__EXERCISE DETAILS__. Tally the lines in the data below where the word "liepos" appears, and give the tally alone.

__EXTRACTED INFORMATION__.
———

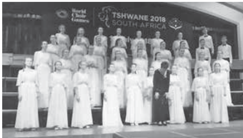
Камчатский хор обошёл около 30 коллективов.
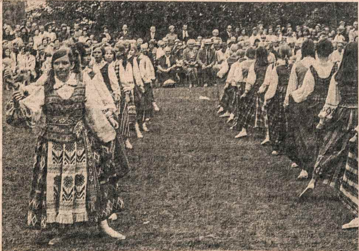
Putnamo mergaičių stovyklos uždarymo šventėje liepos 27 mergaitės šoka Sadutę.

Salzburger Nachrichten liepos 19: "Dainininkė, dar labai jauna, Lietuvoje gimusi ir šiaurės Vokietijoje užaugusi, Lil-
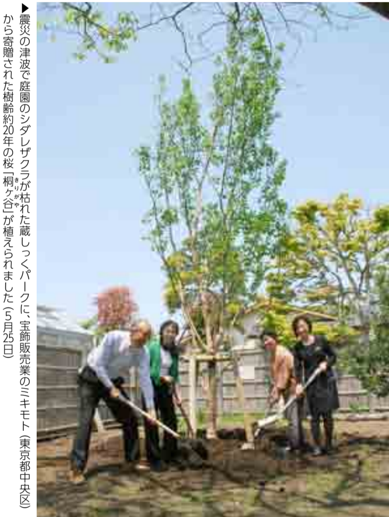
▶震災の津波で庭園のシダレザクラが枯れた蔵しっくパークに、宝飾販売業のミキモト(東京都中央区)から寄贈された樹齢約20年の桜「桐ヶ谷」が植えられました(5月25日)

———

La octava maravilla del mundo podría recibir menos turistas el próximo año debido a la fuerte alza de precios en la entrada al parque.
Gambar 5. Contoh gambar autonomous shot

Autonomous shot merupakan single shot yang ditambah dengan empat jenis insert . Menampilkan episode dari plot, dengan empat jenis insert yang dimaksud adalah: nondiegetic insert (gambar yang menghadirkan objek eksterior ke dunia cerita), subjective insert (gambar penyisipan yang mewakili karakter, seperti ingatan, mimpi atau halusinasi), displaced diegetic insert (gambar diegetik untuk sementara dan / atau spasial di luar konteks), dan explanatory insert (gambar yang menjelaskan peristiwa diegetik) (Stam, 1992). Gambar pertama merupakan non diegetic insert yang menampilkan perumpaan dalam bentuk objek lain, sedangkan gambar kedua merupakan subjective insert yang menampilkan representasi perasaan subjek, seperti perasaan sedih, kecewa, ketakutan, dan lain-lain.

———

__RESULT OF THE TASK__. 2